(Data items)
┌──

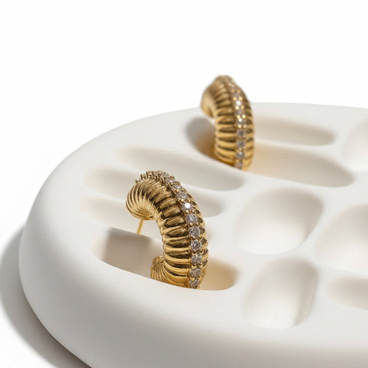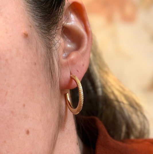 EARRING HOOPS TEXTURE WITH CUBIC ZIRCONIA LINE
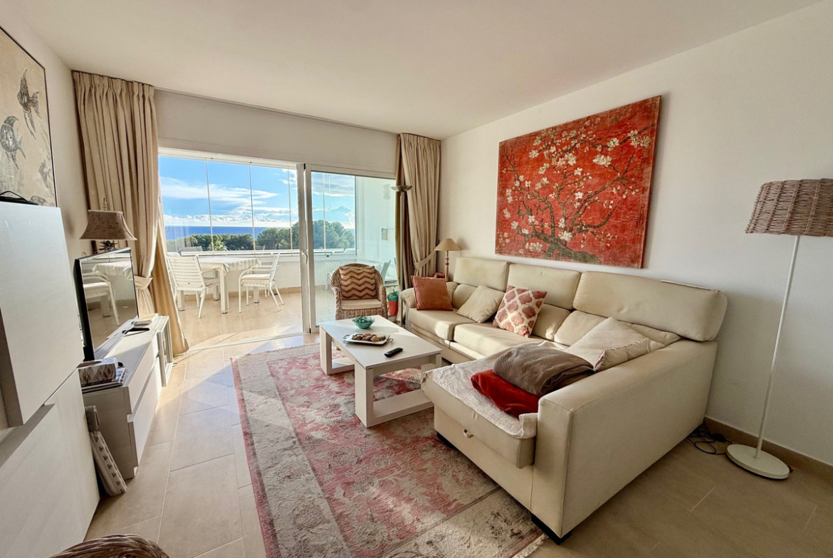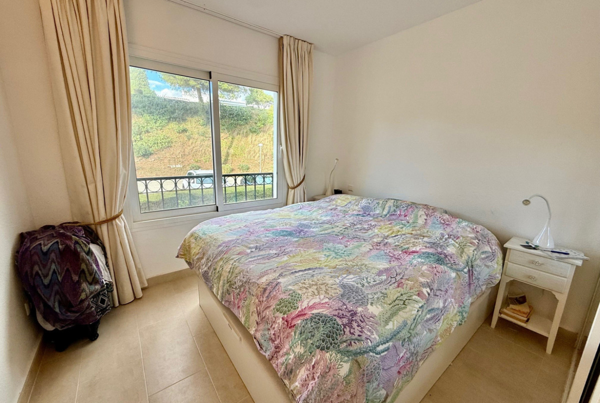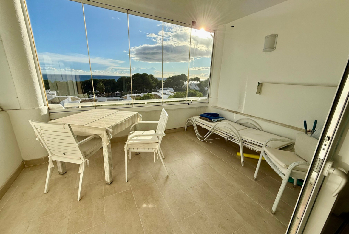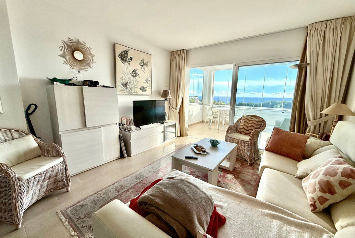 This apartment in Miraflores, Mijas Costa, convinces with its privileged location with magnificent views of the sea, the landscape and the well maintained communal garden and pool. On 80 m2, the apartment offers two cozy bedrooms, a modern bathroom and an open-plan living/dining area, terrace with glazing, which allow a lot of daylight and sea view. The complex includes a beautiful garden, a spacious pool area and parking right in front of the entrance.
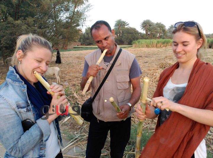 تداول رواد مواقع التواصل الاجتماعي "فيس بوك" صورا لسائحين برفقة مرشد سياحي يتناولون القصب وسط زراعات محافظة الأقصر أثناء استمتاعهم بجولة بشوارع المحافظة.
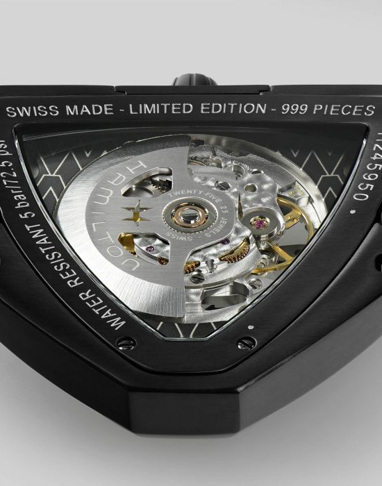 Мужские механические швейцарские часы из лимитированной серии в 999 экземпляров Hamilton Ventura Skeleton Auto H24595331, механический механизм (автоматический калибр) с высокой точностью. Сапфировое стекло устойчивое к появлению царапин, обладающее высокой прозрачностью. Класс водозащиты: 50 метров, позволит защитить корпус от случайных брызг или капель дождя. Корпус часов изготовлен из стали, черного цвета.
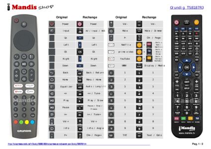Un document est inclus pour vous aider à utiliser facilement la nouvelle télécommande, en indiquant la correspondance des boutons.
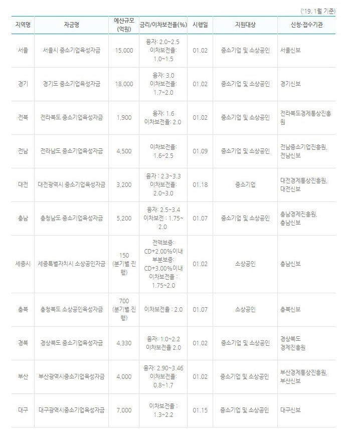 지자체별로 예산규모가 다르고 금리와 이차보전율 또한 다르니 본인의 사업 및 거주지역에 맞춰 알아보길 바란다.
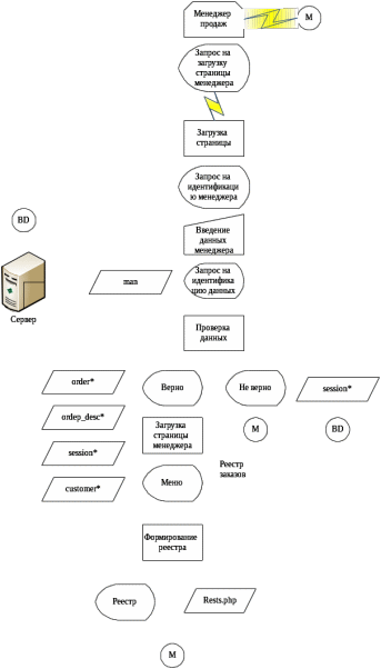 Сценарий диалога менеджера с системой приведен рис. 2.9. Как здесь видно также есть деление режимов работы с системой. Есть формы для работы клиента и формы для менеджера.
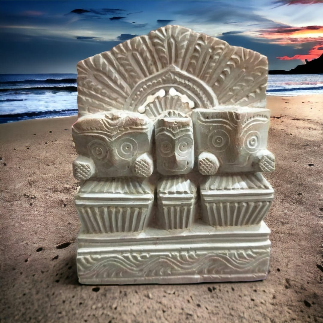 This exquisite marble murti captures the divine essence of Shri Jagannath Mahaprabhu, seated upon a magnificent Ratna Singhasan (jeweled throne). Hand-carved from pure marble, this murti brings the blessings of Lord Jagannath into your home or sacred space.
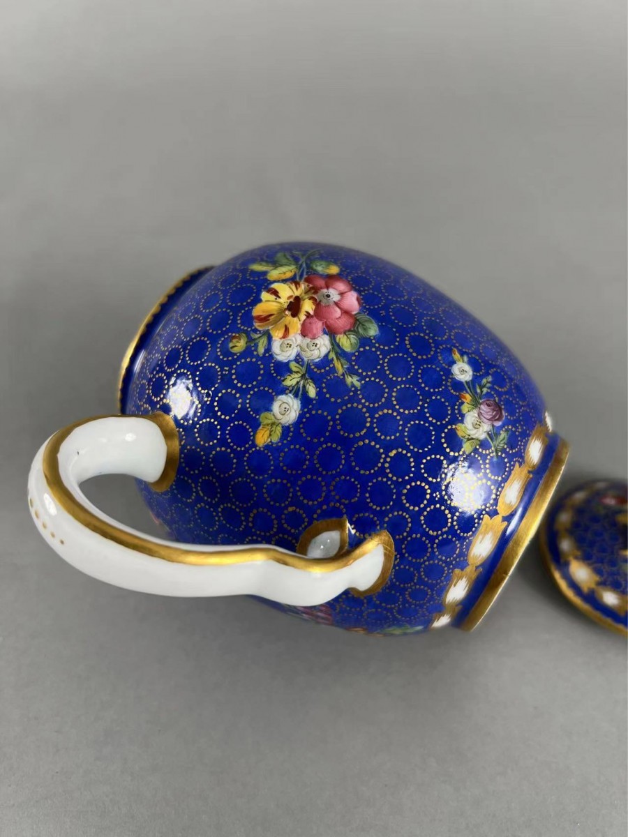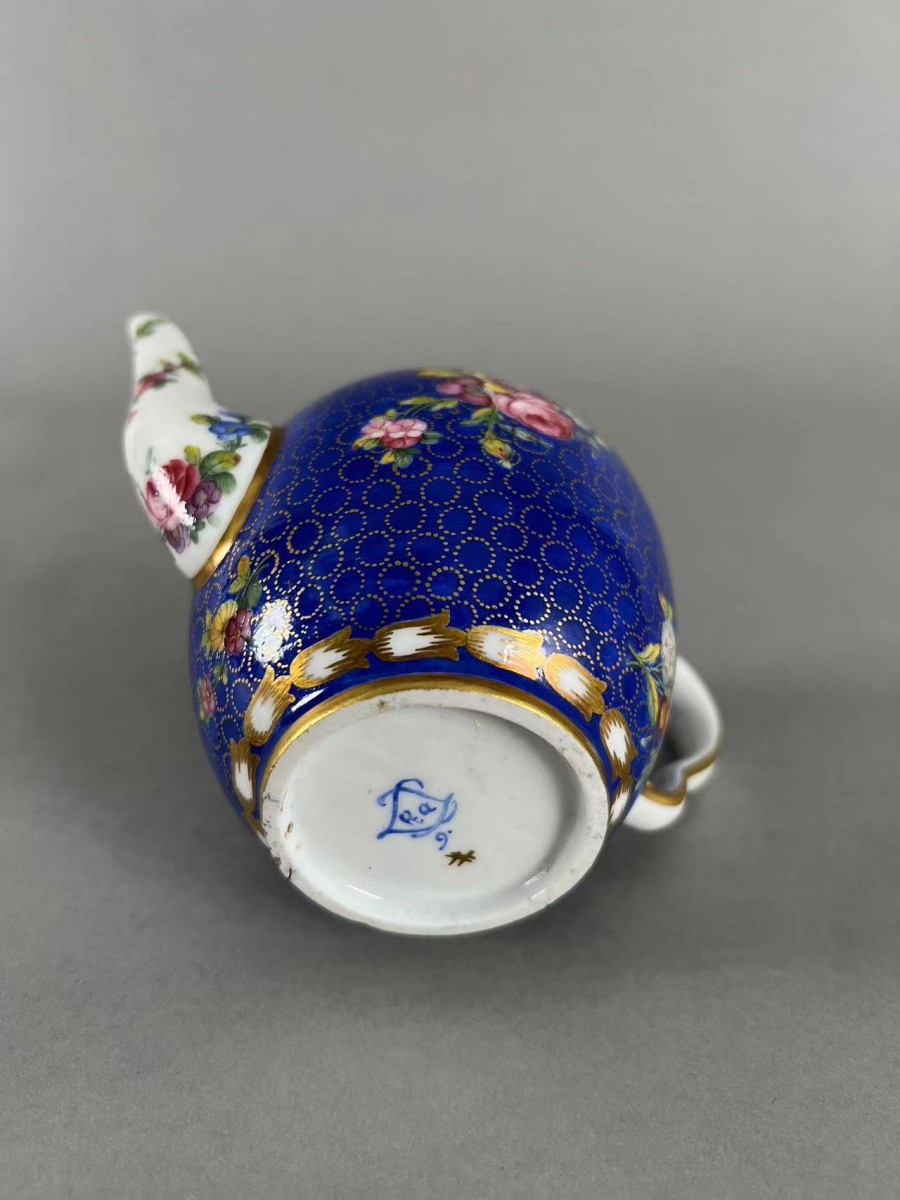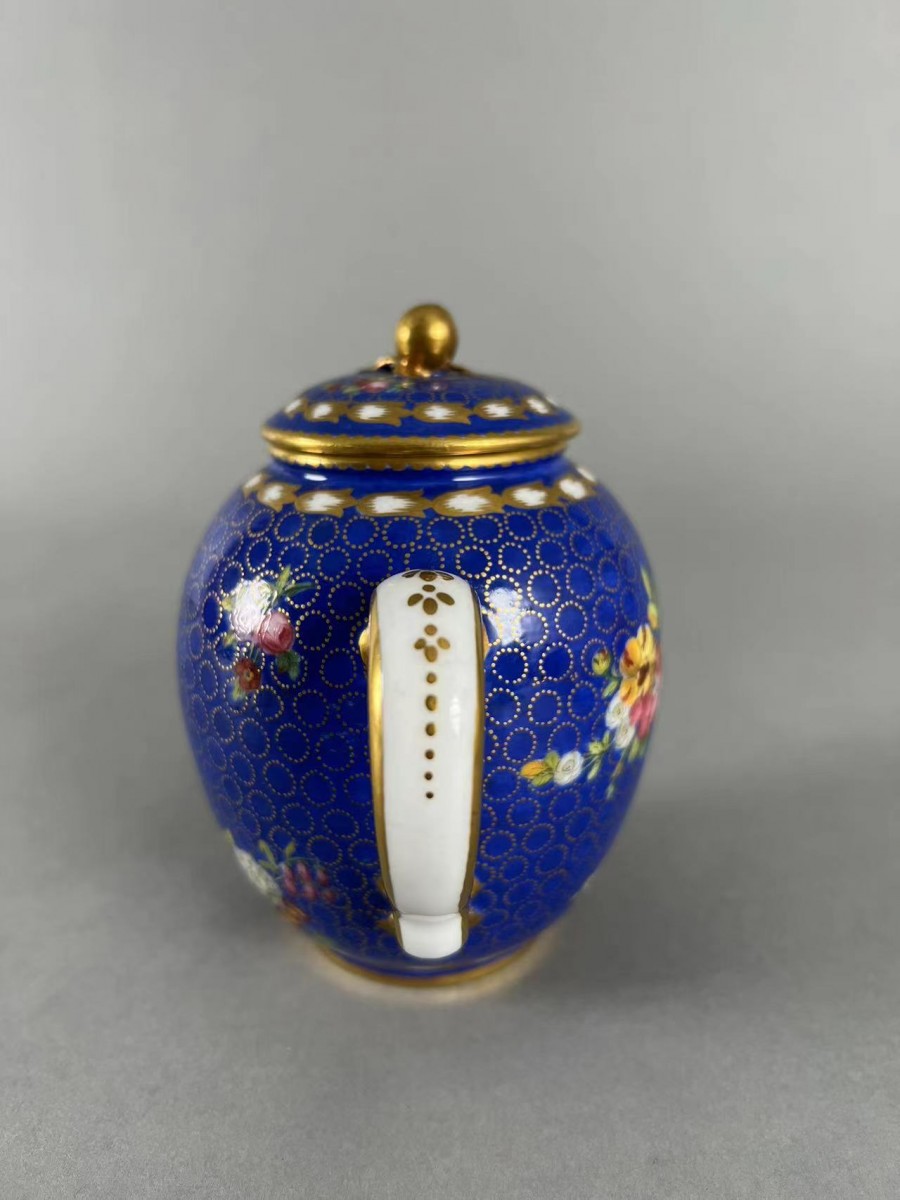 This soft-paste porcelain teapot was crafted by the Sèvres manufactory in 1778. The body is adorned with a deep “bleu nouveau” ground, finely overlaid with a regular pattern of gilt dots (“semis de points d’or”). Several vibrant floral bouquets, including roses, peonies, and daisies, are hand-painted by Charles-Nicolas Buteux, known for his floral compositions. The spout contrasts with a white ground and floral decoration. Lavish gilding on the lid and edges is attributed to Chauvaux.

└──
┌──

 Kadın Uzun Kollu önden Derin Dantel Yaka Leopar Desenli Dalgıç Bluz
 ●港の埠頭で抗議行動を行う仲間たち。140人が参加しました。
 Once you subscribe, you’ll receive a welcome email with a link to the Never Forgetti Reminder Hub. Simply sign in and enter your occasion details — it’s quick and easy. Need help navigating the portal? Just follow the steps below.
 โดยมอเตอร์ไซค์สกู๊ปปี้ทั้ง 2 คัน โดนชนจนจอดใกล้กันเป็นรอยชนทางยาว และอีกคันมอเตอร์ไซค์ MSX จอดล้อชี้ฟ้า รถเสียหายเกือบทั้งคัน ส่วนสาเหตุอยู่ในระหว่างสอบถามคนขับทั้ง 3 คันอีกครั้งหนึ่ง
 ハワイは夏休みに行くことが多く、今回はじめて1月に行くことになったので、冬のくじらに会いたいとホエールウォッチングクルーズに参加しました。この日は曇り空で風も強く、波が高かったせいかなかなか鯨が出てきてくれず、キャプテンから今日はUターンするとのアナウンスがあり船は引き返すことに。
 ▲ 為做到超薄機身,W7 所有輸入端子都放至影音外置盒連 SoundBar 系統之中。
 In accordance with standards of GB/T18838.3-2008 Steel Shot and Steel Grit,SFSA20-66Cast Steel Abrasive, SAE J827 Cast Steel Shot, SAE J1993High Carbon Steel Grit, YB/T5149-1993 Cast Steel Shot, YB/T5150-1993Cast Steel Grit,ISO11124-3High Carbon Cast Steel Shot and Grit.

└──

### REQUIRED WORK
Return, word for word, the lines of the data above from the line with "Kadın Uzun Kollu" through the line with "In accordance with", inclusive.

### PROBLEM SOLUTION
 Kadın Uzun Kollu önden Derin Dantel Yaka Leopar Desenli Dalgıç Bluz
 ●港の埠頭で抗議行動を行う仲間たち。140人が参加しました。
 Once you subscribe, you’ll receive a welcome email with a link to the Never Forgetti Reminder Hub. Simply sign in and enter your occasion details — it’s quick and easy. Need help navigating the portal? Just follow the steps below.
 โดยมอเตอร์ไซค์สกู๊ปปี้ทั้ง 2 คัน โดนชนจนจอดใกล้กันเป็นรอยชนทางยาว และอีกคันมอเตอร์ไซค์ MSX จอดล้อชี้ฟ้า รถเสียหายเกือบทั้งคัน ส่วนสาเหตุอยู่ในระหว่างสอบถามคนขับทั้ง 3 คันอีกครั้งหนึ่ง
 ハワイは夏休みに行くことが多く、今回はじめて1月に行くことになったので、冬のくじらに会いたいとホエールウォッチングクルーズに参加しました。この日は曇り空で風も強く、波が高かったせいかなかなか鯨が出てきてくれず、キャプテンから今日はUターンするとのアナウンスがあり船は引き返すことに。
 ▲ 為做到超薄機身,W7 所有輸入端子都放至影音外置盒連 SoundBar 系統之中。
 In accordance with standards of GB/T18838.3-2008 Steel Shot and Steel Grit,SFSA20-66Cast Steel Abrasive, SAE J827 Cast Steel Shot, SAE J1993High Carbon Steel Grit, YB/T5149-1993 Cast Steel Shot, YB/T5150-1993Cast Steel Grit,ISO11124-3High Carbon Cast Steel Shot and Grit.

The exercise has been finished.